# Essential Oils for Acne prone Skin



## sarahjane (Sep 13, 2007)

I originally posted this question in the soap forum.  oops.  I have a facial melt and pour soap base and would like to add essential oils to it for my acne prone skin.  Any suggestions?  I was thinking lavender and rosewood.  I am quite new to EO's and was wondering if there was a better blend.  Any suggestions would be most helpful!  Thanks!


----------



## pepperi27 (Sep 13, 2007)

I make one with french green clay and tea tree oil.

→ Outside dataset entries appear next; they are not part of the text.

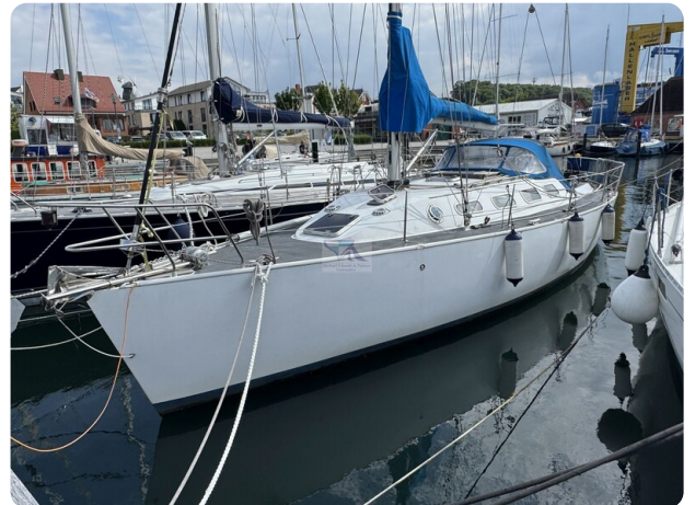
Baron 38 DER LETZTE BARON 25
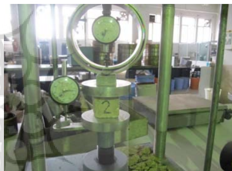
ت ۱. آزمایش مقاومت فشاری به وسیله دستگاه تک محور.

صاف یک تخته چوبی چسبانده شده است، ۹۰ بار در یک جهت روی نمونه مکعبی کشیده شدند و پس از اتمام آزمایش دوباره نمونه‌ها به مدت ۲۴ ساعت در دمای ۶۰ درجه سانتی‌متر خشک شده و دوباره وزن شدند (M2). اختلاف وزن اول و دوم نمونه (M1- M2) میزان فرسایش وزنی آن را نشان می‌دهد. در این آزمایش به تعداد نمونه‌ها، تکه سنباده‌های یک اندازه و با درجه زبری یکسان تهیه گردید و برای هر نمونه فقط یک تکه از سنباده استفاده شد. قالبی گچی به وزن ۳۰۰ گرم نیز روی تخته‌های چوبی نصب شد تا از نیروی دست برای وارد کردن فشار عمودی استفاده نشود و میزان نیرو با حداقل خطا در طول آزمون ثابت باشد (تصویر شماره ۲).
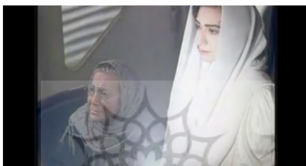
(تصویر شماره ۱۲)

با آینه‌ای که نور را منعکس می‌کند وارد شدند صورت همه در امتداد نور درخشید، می‌توان آن را مشاهده نمود. (تصویر شماره ۱۱) برای نشان دادن استعاره «شادی، نور است» یا «نور یعنی زندگی» در این فیلم می‌توان در بخشی که مهتاب (برگشته از دنیای مردگان) آینه را به سمت عروس می‌گیرد و نور آن را به سوی او می‌تاباند، دید. در اینجا شخصیت‌ها و صحنه را غرق در نور بارنگ‌های گرم می‌بینیم و آنچه به ذهن تداعی می‌شود شادی و گرمای عشق است. کارگردان در اینجا با بهره‌گیری از عنصر آینه و نور توانسته است معانی پیچیده، عمیق و حتی ناگفتنی را به شکلی استعاری بیان کند. (تصویر شماره ۱۲)

I also make another with calendula and camomile and white kaolin clay


----------



## sarahjane (Sep 13, 2007)

thank you so much!


----------



## pepperi27 (Sep 17, 2007)

no problem


----------



## soapbuddy (Sep 17, 2007)

Rosewood is better for mature skin. I would go with lavender, chamomile geranium, cedarwood, tea-tree and/or myrrh.

Irena


----------



## sarahjane (Sep 17, 2007)

Thank you so much!  I love myrrh...


----------



## soapbuddy (Sep 17, 2007)

You're welcome!

Irena


----------



## freshwater pearl (Nov 10, 2007)

Tea tree oil is great for healing breakouts.


----------



## sunflwrgrl7 (Nov 11, 2007)

I've been told that citrus oils help with acne.


----------



## soapbuddy (Nov 11, 2007)

sunflwrgrl7 said:
			
		

> I've been told that citrus oils help with acne.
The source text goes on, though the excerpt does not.